Jaygak squinted her eyes. The name sounded familiar. “Vezar?”

“She travelled with Black Arm,” Jurot added.

“Oh!” Jaygak nodded her head. “Vezar fought back the Dragon Turtle from the Southern Sea.”

“No,” Jurot said. “She fought back the Sea Azai.”

Jaygak squinted her eyes harder, before looking to Kitool, who nodded her head. “Then who fought back the Dragon Turtle?”

Jurot and Kitool stared at her for a moment.

“I meant from the Southern Sea.”

The pair continued to stare.

“I meant in the last twenty…” Jaygak thought about how to word it. “Almost twenty years ago.”

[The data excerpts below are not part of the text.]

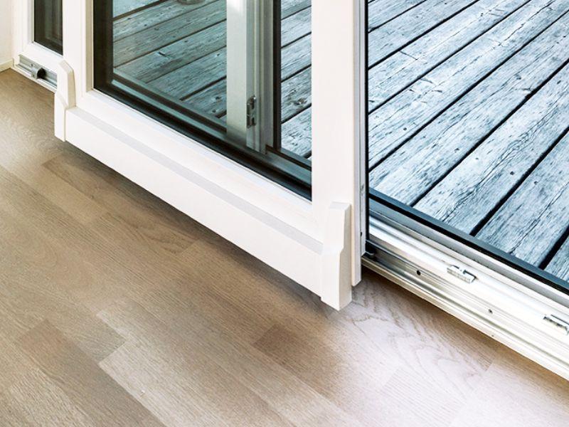- hliníkový prah, ktorý môže byť v jednej rovine s podlahou
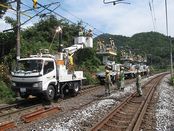 鉄道災害復旧工事の施工当社は、鉄道電気工事の施工に携わる企業として、多くの災害復旧工事に従事しています。今年度は、東日本大震災による被災で未だ不通区間のある常磐線、山田線のほか、6月の大阪府北部地震、7月の西日本豪雨および9月の北海道胆振東部地震で被災した鉄道各線において、電車線路設備や信号設備、踏切設備等の復旧工事に従事しました。
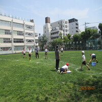 6年生は全校児童の計測補助を行うので、一足先に全ての項目の記録をとりました。ソフトボール投げでは遠くまで飛ぶよう、大きく腕を振り上げて投げていました。
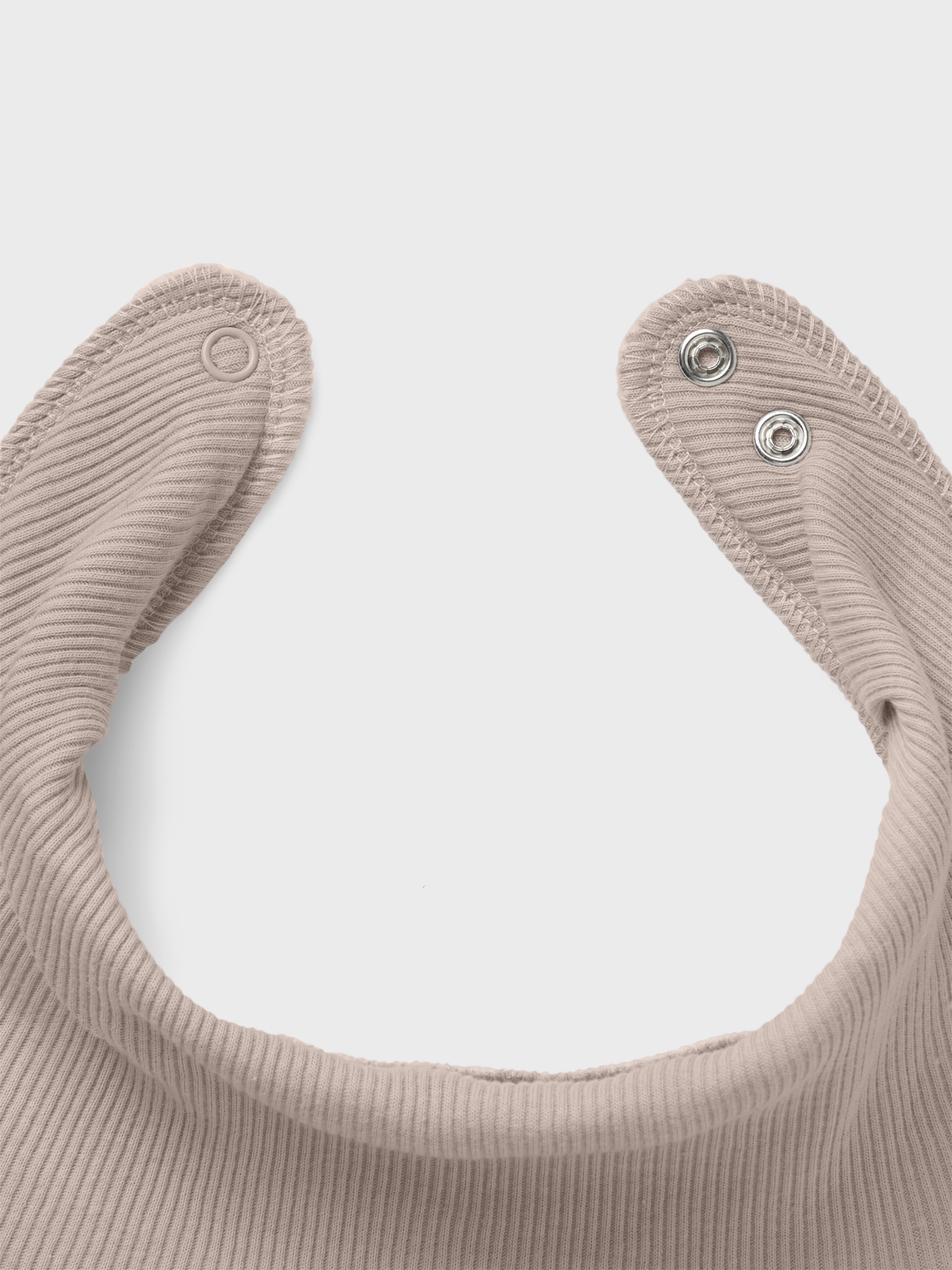 NBMYASIM RIB SCARF BIB er en praktisk og stilfull smekke som beskytter barnets klær samtidig som den tilfører et dekorativt element til antrekket. Laget av ribbestrikk med et vertikalt, stripete mønster, gir denne smekken en behagelig følelse og et tidløst utseende.
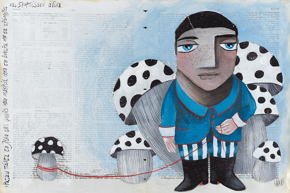 Έργο ζωγραφισμένο με τέμπερα πάνω σε σελίδα εγκυκλοπαίδειας του 1936.
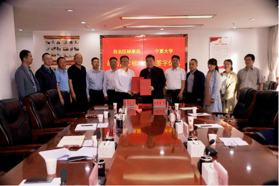 最后,李建设副董事长与王自新副局长签订了《2026世界杯官网—自治区林草局战略合作框架协议》。双方表示,将以此为契机全方位深化战略合作,不断扩大合作领域和范围,提升合作层次和水平,充分发挥宁夏老员工命科学公司、农公司等相关公司的学科优势,推动2026世界杯官网科学研究与产业发展深度融合,实现互利双赢,共同发展。
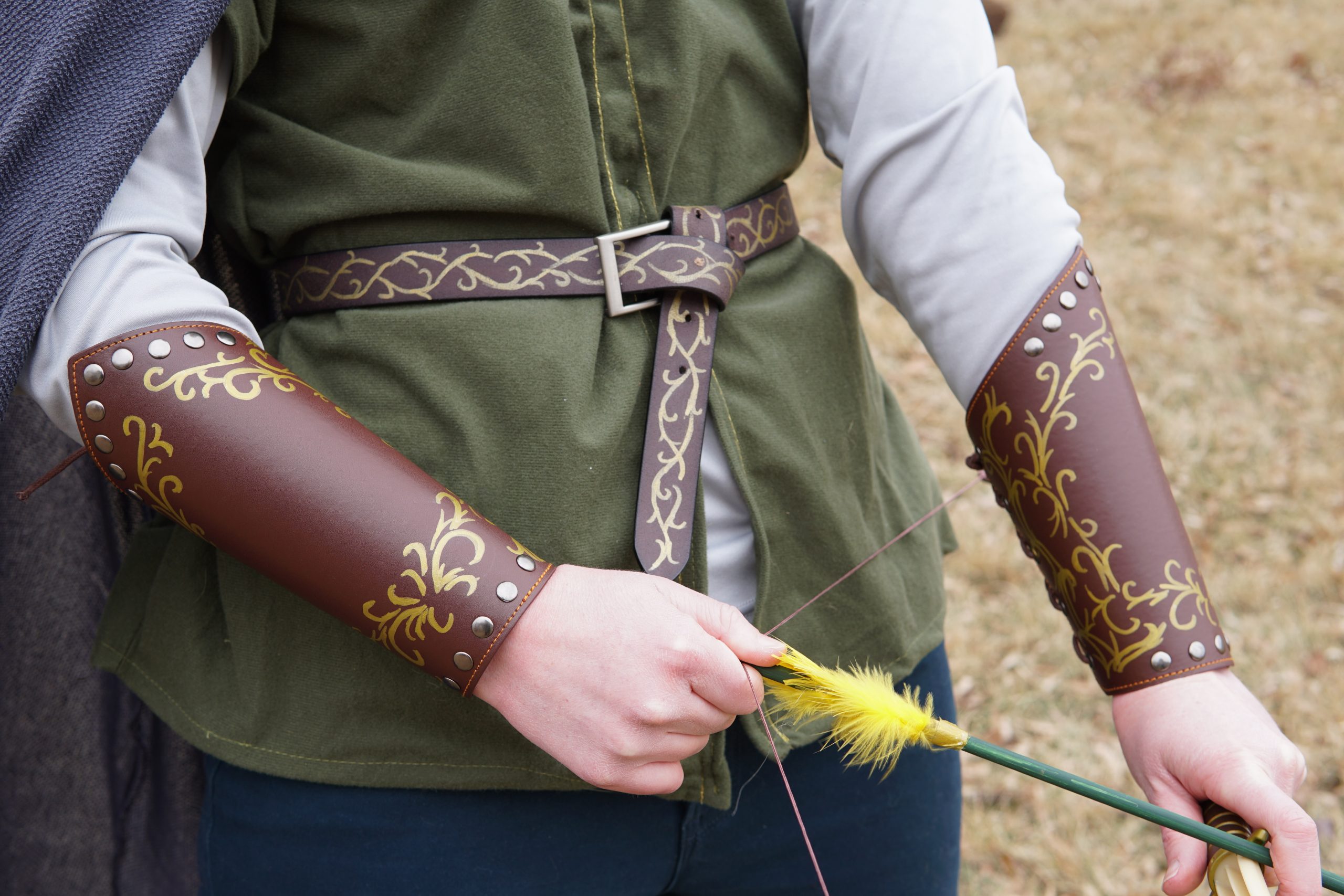 I hand drew the leaf designs with a gold permanent marker on a brown belt (I already had) and some basic brown bracers we bought.
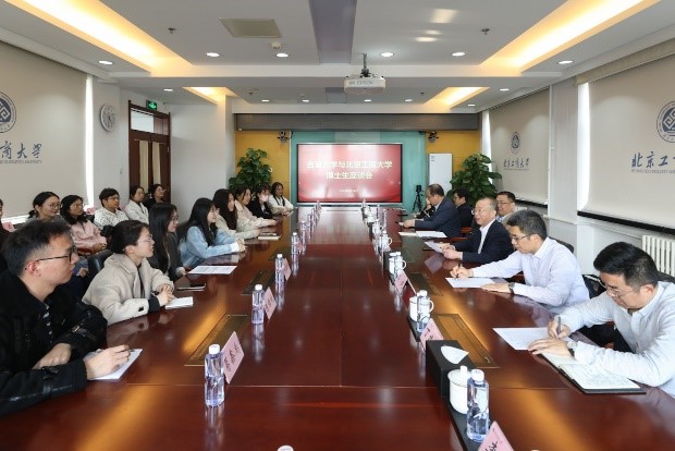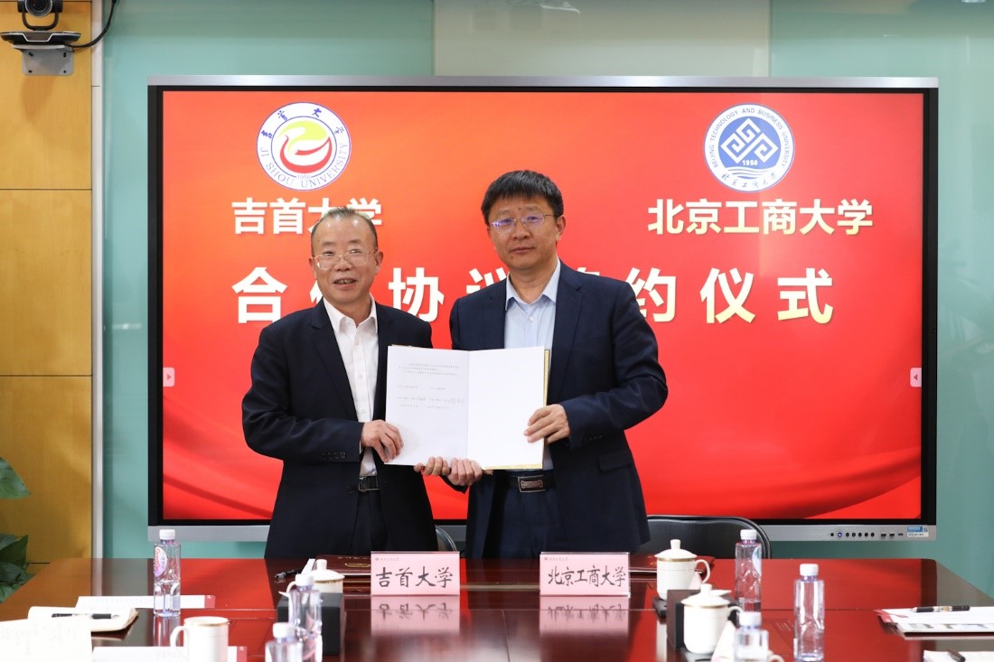 双方共同观看了我校宣传片。郭建华代表学校对黎奇升一行来访表示欢迎,介绍了学校的历史沿革、发展现状与奋斗目标,重点阐述了学校为加快创建“双一流”学科、全面建设高水平研究型大学作出的努力和取得的成效。他表示,近年来,学校锚定高水平研究型大学办学定位,聚焦国家和首都经济社会发展所需,按照“商科做强、工科做精、工商融合、双轮驱动”的建设思路,不断深化教育教学数字化转型,以数据科学与人工智能为链接,以人文社科为支撑,探索实施商科与工科主动对接、深度融合的方法和路径,努力推动形成全校上下一盘棋的发展局面。吉首大学作为湖南省高水平建设大学、湖南省“双一流”建设高校,在数学、旅游管理、轻工、食品等方面具有突出优势,双方具有较大合作空间和潜力。希望两校以此次合作签约为契机,深化全方位、多领域合作,推动两校共同发展、共赢未来,为高等教育强国建设贡献更大力量。
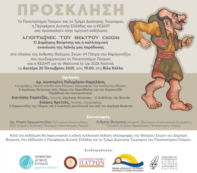 Η εκδήλωση διοργανώνεται από το Πανεπιστήμιο Πατρών και το Τμήμα Διοίκησης Τουρισμού, σε συνεργασία με την Περιφέρεια Δυτικής Ελλάδας και την Κοινωφελή Επιχείρηση Δήμου Πατρέων – Καρναβάλι Πάτρας (ΚΕΔΗΠ), στο πλαίσιο της μεγάλης έκθεσης Θεάτρου Σκιών «Η Πάτρα του Καραγκιόζη», που υλοποιείται σε συνδιοργάνωση με το Welcome to Up 2025 Festival.
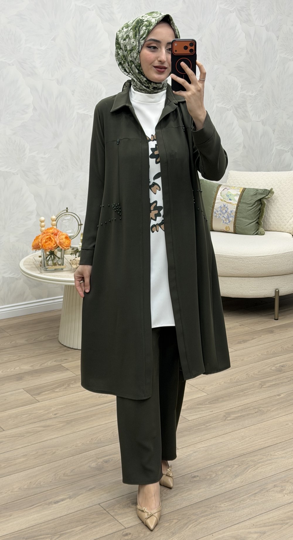 Pera 3 lü Takım,hem iş hem de günlük hayatınızda rahatlıkla tercih edebileceğiniz çok yönlü bir parçadır. Şıklığı konforla buluşturan bu tasarım, sezonun en gözde modellerinden biri olacak
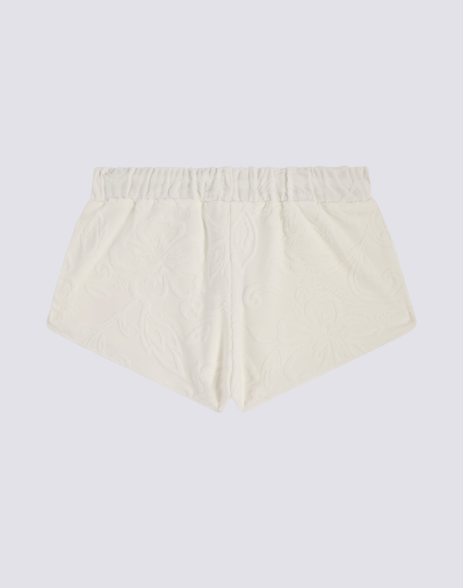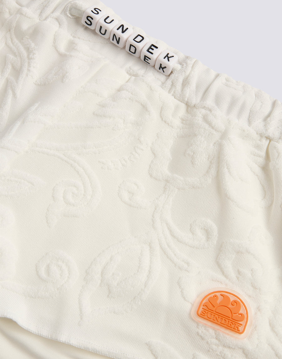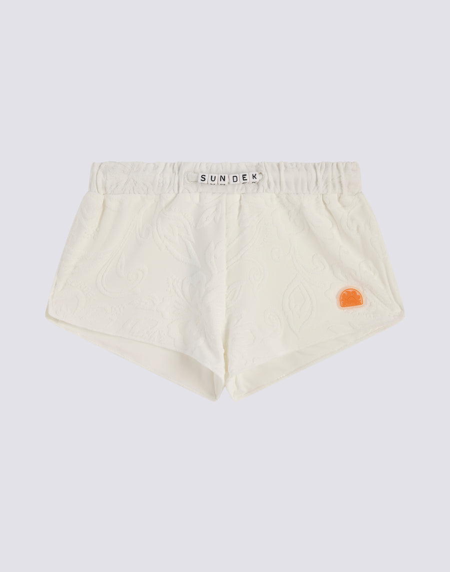 Girl's jacquard terry shorts with SK23 pattern. With an elasticated waist and drawstring, they are perfect to wear over the matching patterned bikini.
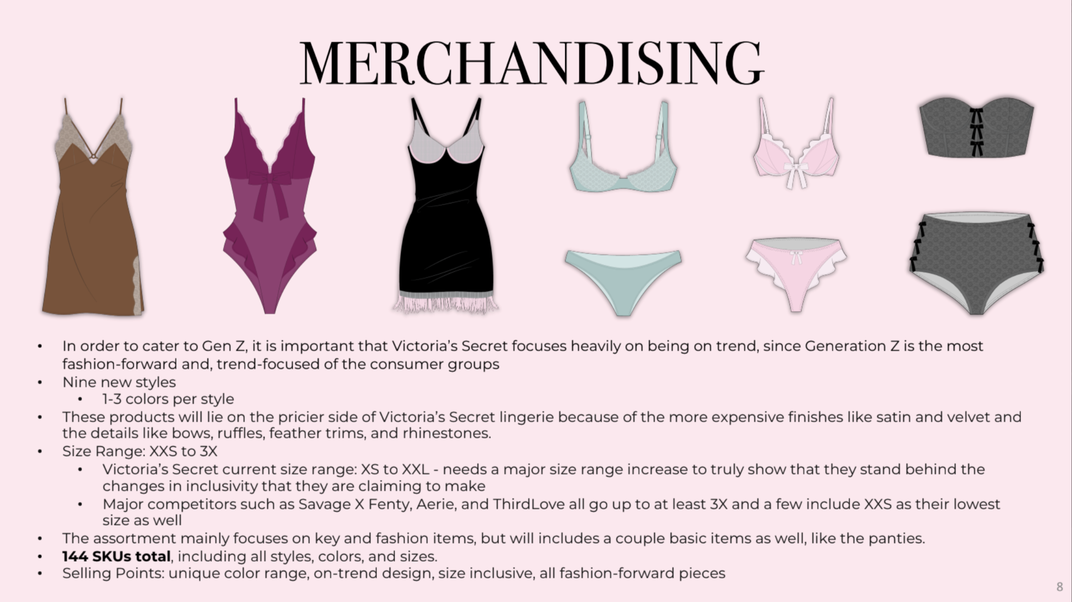 I was among the 100 recipients of the 2023 Fashion Scholarship Fund for my case study on Victoria’s Secret, which analyzed the brand's current challenges regarding its image, target consumer, and competitive landscape. The study also proposed a comprehensive merchandising and marketing strategy for leveraging livestream shopping to promote a new size-inclusive collection. As a winner of the 2024 FSF, I had the honor of being recognized by Anna Wintour and Karlie Kloss at the organization’s annual gala in New York City.
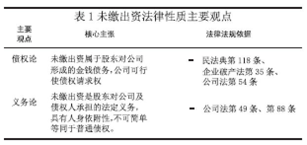当前业界未缴出资法律性质主要存在两种观点:债权论和义务论,各自核心主张及依据如下表1。
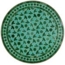 Ein marokkanischer Mosaiktisch, Ø 60 cm, der mit einem kunstvollen Halbmondmuster verziert ist. Die handgefertigten Zellige-Fliesen in Smaragd- und Minztönen bringen Ruhe und Eleganz in Ihren Innen- oder Außenbereich. Die massive Mosaikplatte wiegt ca. 18 kg und liegt sicher auf einem geschwungenen, mit Klarlack versiegelten Metallgestell. Ideal für Terrasse, Garten oder Balkon, setzt dieser Tisch stilvolle Akzente und sorgt für marokkanisches Flair.
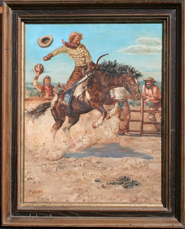 FLOWER, George, (American, 1900-1976): Bronco Busters, OIL/C, 28'' x 22'', signed, western style barnwood frame, 34'' x 28''.
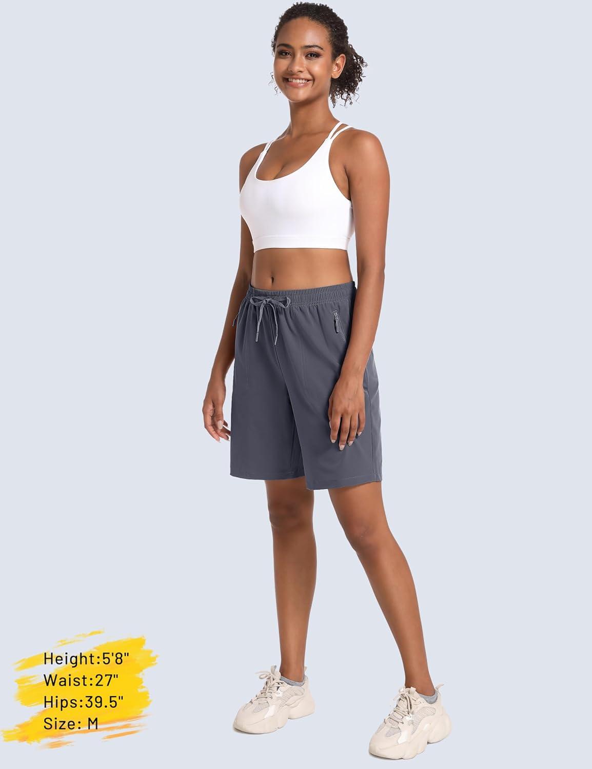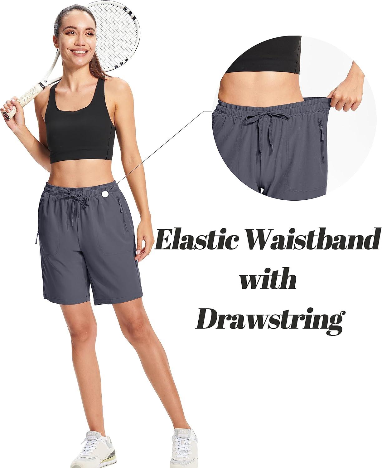 MAGCOMSEN Women’s Hiking Shorts Lightweight Quick Dry 8″ Golf Shorts Water Resistant with 3 Zipper Pockets(Dark Grey)
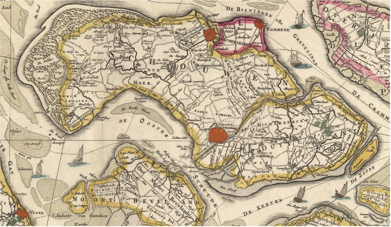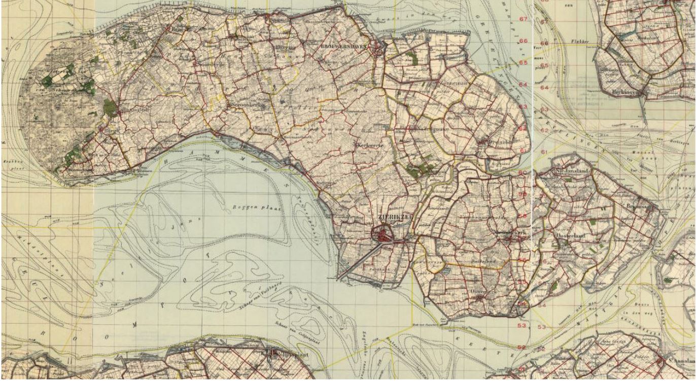 Het landschap van Zeeland is het resultaat van de combinatie van omvangrijke natuurlijke gebeurtenissen en het ingrijpen van de mens. Eeuwenlang bouwden de bewoners van Schouwen- Duiveland aan hun eiland. Het was een voortdurende interactie met de zee. Naast doorbraken en afkalvingen vonden ook aanslibbing, landaanwinning en zandinblazing plaats. Tussen 1000 en 1300 werd vanuit de zee veel zand aangevoerd en ontstond het duingebied ‘De Kop van Schouwen’. Dit is het breedste duingebied van Zeeland, met duinen tot 35 meter hoog. De dynamiek waarmee dit gebied gevormd is, is nog steeds goed af te lezen uit de verschillende verschijningsvormen van duinen in het gebied. De stormvloed van 1134 was directe aanleiding om Schouwen te gaan bedijken. In diezelfde periode kregen ook de eilanden Dreischor, Bommenede en Duiveland ringdijken. In de dertiende eeuw vormden Dreischor en Sirjansland samen één eiland. Door een dijkdoorbraak werd Sirjansland gescheiden van Dreischor. Hierbij ontstond de geul het Dijkwater. In 1374 werd het noordelijke deel van de Gouwe afgedamd. De Noordgouwe polder ontstond en het eiland van Dreischor werd verbonden met Schouwen. Er volgde een reeks nieuwlandpolders die een minder roerige geschiedenis kennen dan vele andere delen van het eiland. In 1610 werden de eilanden Schouwen en Duiveland aan elkaar verbonden. Van de stormvloeden, die het gebied troffen, was die van 1953 het meest aangrijpend. Afgezien van de duinen en het gebied tussen Schouwen en Duiveland werd het eiland door zeewater overspoeld.

“Ten years ago?” Jurot asked.

“Was it ten years ago?”

“Redblade?”

“Oh,” Jaygak said. “Yes.”

Adam glanced between the Iyrmen, who were having their own conversation. “Anyway, Vezar.”

John nodded. “She was old, then. In her fifties, I think. Is she…”

“She is alive,” Jurot confirmed.

“I’m glad to hear it,” John said, smiling. “I’d love to meet her again to thank her.”

“I will send your request to meet her,” Jurot said.

“Oh, no, that’s fine,” John said, chuckling nervously. “I don’t want to bother such a great warrior.”

“She saved your life, it is good to make such a request,” Jurot said.

John wasn’t sure how that worked, but he continued to smile nervously. “If it isn’t a bother.”

“You know…” Adam said, quietly. “I mean, you guys can come by one day when we go back. It’s not far from Red Oak, and you could stay a few days.”

“We will consider the offer,” Rick said, glaring at John.

John chuckled again, glancing aside.

“Everyone in Red Oak knows the strength of the Iyrmen,” Rick stated.

“Red Oak and the Iyr work closely together,” Jurot confirmed.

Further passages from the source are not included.